Ownership of the building eventually was transferred to the organization, and Lollar and a few volunteers began cleaning out the building and transforming the second floor into a wild bat sanctuary.
They removed about 6,000 pounds of guano (bat droppings) from the building and installed a new roof. Her crew also removed the ceiling so bats had access to the second floor and hung netting to give them additional space to roost, while placing padding under the nursery colony to protect any falling bat pups. Lollar also improved the building’s ventilation and installed catwalks along one wall for observation and the rescue of injured or orphaned bats.
The renovation has increased the colony from about 20,000 bats to almost 50,000, and Lollar believes that some have elected to roost in the building instead of seeking out other business establishments in Mineral Wells. She estimates that the city’s downtown area is home to 100,000 to 150,000 bats during the summer.
Benefits of bats
Nearly a block from the sanctuary is Bat World headquarters, which serves as an education facility, office space and bat rehabilitation center. Though the sanctuary isn’t open to the public, visitors such as schoolchildren often tour the headquarters to see several species of live bats.
Kindergarten teacher Falicia Bell takes her Forestburg Elementary School class on a field trip to Bat World nearly every year. Bell, 41, has been curious about bats since she was a little girl, and says the trip to Bat World allows her students to better understand the benefits of the winged mammals.
“It gives kids the opportunity to see the good side of something they’ve been scared of their whole lives,” says Bell, whose students often are so inspired by the field trip that they build bat houses. “I’m just hoping the kids will learn not to be scared of something just because it’s different.”
In addition to educating youngsters, the Bat World facility offers Lollar a place to nurse injured and orphaned bats as well as care for bats that are retired from zoos, laboratories and educational programs. She often spends 12 hours a day caring for 135 bats, some of which are non-releasable and will live out their lives at Bat World.
Lollar’s expertise has been an asset to local business owners, who call her when bats are found in their buildings. Joan Blazer, owner of Mineral Wells Office Supply, was terrified when she found the first bat in her building, but now she safely captures the bats and waits for Lollar to retrieve them.

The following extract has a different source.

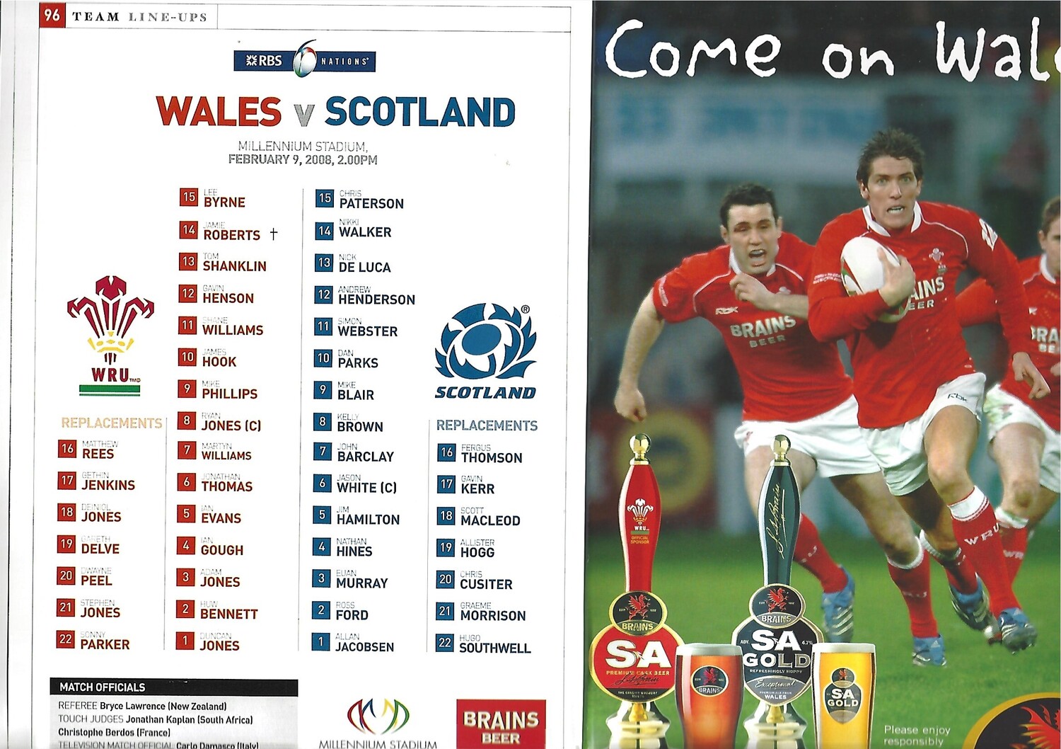 2008 Wales v Scotland (09/02/2008) Six Nations Rugby Union Programme

Misconceptions about bats are due in large part to Halloween lore that presents them as scary, blood-sucking creatures that carry rabies. In reality, less than one-half of 1 percent of bats contracts rabies.
“We grew up with the movies where they were stuck to your neck, but now I know not to have that horrible fear,” Blazer, 76, says. “I know they’re beneficial . . . and a necessity to keep the bugs down.”
In fact, bats in the United States eat millions of tons of insects each year, helping farmers reduce crop losses. Fruit bats also play an indirect role in the development of more than 450 commercial products by dispersing seeds and pollinating plants from which many products, such as food, fiber, dyes and timber, are derived.
“I’ve always loved the underdog,” Lollar says, “and bats define underdog. They’re the least appreciated mammal on the face of the Earth.”
Today, Bat World has grown to include 17 rescue centers throughout the United States that are funded by private donations and run by volunteers. The organization participates in marking and behavioral studies, and biologists from around the world have visited the Mineral Wells sanctuary and Bat World headquarters.
Blazer attributes her appreciation of bats to Lollar. “Amanda is personally concerned with each bat in her care. She’s so fastidious and takes good care of them. She’s really an ecologist at heart,” she says.